La violence organisée – le terme de guerre se résume à cela – a longtemps été un facteur d’unification des peuples. Les preuves archéologiques montrent que près de la moitié de ceux qui ont vécu pendant la dernière partie de l’âge de pierre en Nubie, une région située le long de la rive sud du Nil, sont morts de mort violente. De nombreuses autres sociétés tribales à travers les âges ont partagé ce modèle de mortalité, ce qui suggère une mobilisation à grande échelle pour tuer plutôt qu’une violence aléatoire généralisée. Les raids orchestrés contre les colonies nubiennes voisines ont nécessité une coordination entre les villageois, de même que la lutte contre ces derniers. Les attaquants comme les défenseurs devaient mobiliser des ressources, faire des plans et instaurer la confiance entre eux afin de combattre efficacement. La coopération, la dépendance mutuelle, la confiance – même en tuant d’autres personnes – sont les pierres angulaires de l’ordre politique, les éléments fondamentaux des États.

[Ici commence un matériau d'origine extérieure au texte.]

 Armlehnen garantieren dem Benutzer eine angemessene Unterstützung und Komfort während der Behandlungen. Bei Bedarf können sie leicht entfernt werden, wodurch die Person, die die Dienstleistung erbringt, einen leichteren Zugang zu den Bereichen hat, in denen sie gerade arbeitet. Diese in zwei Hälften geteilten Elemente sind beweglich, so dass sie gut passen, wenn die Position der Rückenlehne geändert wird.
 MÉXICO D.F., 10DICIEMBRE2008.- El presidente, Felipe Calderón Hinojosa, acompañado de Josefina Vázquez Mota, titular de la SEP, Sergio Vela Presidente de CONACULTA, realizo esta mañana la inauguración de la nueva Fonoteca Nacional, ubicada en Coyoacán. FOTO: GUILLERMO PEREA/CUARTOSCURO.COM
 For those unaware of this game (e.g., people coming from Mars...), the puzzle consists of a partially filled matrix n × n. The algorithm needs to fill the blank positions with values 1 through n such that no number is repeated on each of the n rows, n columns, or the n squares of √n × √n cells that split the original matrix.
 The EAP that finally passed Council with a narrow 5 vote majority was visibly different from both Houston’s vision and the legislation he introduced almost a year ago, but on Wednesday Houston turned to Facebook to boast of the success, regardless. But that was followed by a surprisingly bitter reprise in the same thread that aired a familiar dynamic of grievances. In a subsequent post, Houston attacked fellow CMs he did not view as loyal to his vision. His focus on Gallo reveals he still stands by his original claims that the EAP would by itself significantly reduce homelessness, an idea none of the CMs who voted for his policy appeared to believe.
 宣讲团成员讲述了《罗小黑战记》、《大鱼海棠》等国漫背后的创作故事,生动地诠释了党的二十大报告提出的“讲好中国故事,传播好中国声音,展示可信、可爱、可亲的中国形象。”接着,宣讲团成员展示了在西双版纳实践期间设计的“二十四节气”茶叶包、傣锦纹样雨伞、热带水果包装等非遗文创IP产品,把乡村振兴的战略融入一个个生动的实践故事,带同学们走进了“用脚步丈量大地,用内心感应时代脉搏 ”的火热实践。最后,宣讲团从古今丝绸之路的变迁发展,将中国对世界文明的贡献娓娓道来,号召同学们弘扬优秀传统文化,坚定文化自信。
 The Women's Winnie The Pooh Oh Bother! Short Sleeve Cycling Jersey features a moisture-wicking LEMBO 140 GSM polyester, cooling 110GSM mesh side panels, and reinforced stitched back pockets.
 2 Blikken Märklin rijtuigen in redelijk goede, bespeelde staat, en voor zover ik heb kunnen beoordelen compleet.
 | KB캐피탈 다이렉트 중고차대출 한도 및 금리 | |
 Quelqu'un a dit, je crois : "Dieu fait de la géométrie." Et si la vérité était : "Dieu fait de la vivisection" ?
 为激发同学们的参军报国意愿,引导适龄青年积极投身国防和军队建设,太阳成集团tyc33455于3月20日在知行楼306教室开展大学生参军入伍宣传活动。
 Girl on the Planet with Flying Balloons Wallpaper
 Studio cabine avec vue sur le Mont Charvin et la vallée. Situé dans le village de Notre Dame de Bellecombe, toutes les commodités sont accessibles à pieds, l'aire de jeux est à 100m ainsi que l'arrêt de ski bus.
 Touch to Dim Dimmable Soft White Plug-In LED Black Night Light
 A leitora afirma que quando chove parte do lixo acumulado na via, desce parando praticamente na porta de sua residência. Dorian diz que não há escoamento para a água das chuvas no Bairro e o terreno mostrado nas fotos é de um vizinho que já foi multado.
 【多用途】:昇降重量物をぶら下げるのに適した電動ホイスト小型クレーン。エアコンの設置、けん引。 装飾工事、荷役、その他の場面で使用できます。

L’avènement de l’agriculture est une condition préalable à l’établissement à long terme d’établissements humains – des villes – de toute taille significative. Elle a donné naissance à des sociétés plus grandes, capables de guerres plus grandes et plus élaborées. Pour les dynasties de la Chine ancienne, les empires de Mésopotamie et, des siècles plus tard, les royaumes d’Europe, la guerre était une de leurs raisons d’être. Frederick William a fondé et construit la Prusse pour faire la guerre à ses nombreux voisins hostiles. Les affrontements entre la Prusse et ses rivaux régionaux au cours des XVIIe et XVIIIe siècles ont fait de la Prusse la nation que nous connaissons aujourd’hui comme l’Allemagne. De l’autre côté de l’Atlantique, au milieu du XVIIIe siècle, la guerre de Sept Ans a contribué à galvaniser les colons américains contre les Britanniques, les mettant sur la voie de la formation de leur propre nation.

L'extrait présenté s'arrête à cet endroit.